Yeah, this weeks WM column is pretty big into acknowledging different origins! I think he's bumping up against the One True Cosmology that Mike's mentioned elsewhere (another thing it would be smart to go "options, not defaults" on, IMO), and the poll question gave a "one story among many" choice for the gnoll origins specifically, so it feels like a first step in the right direction to me. A little awkward, but really encouraging. And I'm probably a little overly-perceptive about it. ;)

Nagol said:
And that's the main reason I'm leery about using Pathfinder. A lot of the defaults are attached to visualisations I don't share -- and I don't look forward to grabbing a metaphorical sharpie and changing a little bit of everything and then finding a way to convey the differences to my players.
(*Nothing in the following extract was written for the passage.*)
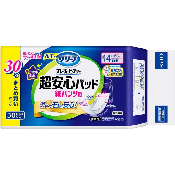 리리프 종이 팬츠용 패드 흘러내림 없이 딱 붙는 초안심 4회분 30매 카오 > 야간용
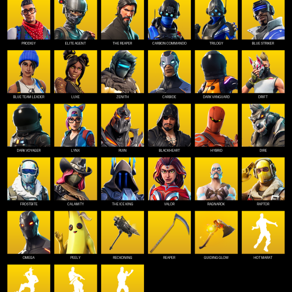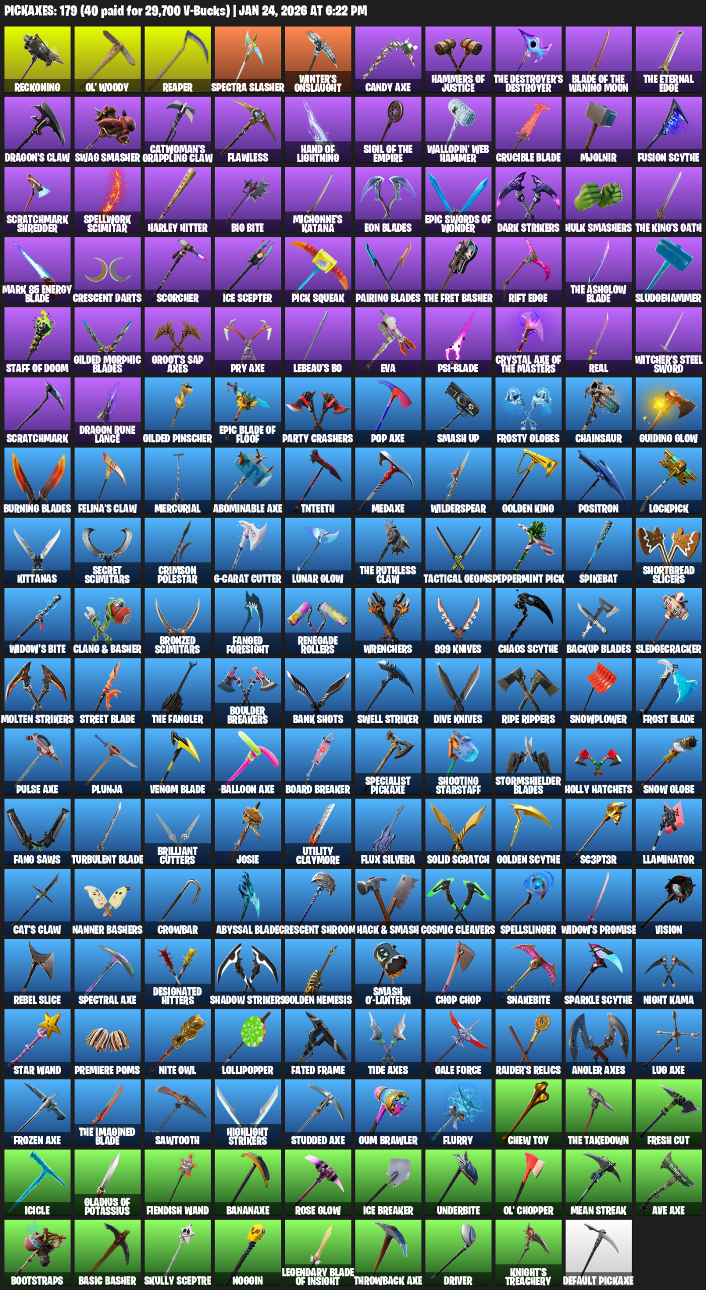 Reckoning, Ol’ Woody, Reaper, Spectra Slasher, Winter’s Onslaught, Candy Axe, Hammers of Justice, The Destroyer’s Destroyer, Dragon’s Claw, Swag Smasher, Flawless, Wallopin’ Web Hammer, Crucible Blade, Mjolnir, Fusion Scythe

I get exhausted thinking about it.

The Default Effect: Still present in a game where you are free to not only make, but even SELL, your own house rules. ;)

Giltonio_Santos said:
Look, I'm no beginner to D&D or fantasy games in general, and I still believe I could find myself easily overwhelmed by a "field of options" regarding something as trivial as the origin of orcs.

Totally fair. I think the right question to ask here is, how can we make the options available something anyone can parse easily? How can we effectively tell people the real difference between Option A and Option B so that they know which one to pick? I've got some ideas on that, too, but I think it's a solvable problem that even encourages strong, thematic design. What gameplay factors distinguish the mythic Medusa of Greek myth from these cursed medusa of human stock? Why might a DM use one, and why might they use the other? If the differences are strong enough, it should be cake to decide which one you want and which one you don't (one's a level 18 solo-style boss monstrosity with deadly gazes, one's a level 6 humanoid with slow petrification and maybe a charm effect to boot!).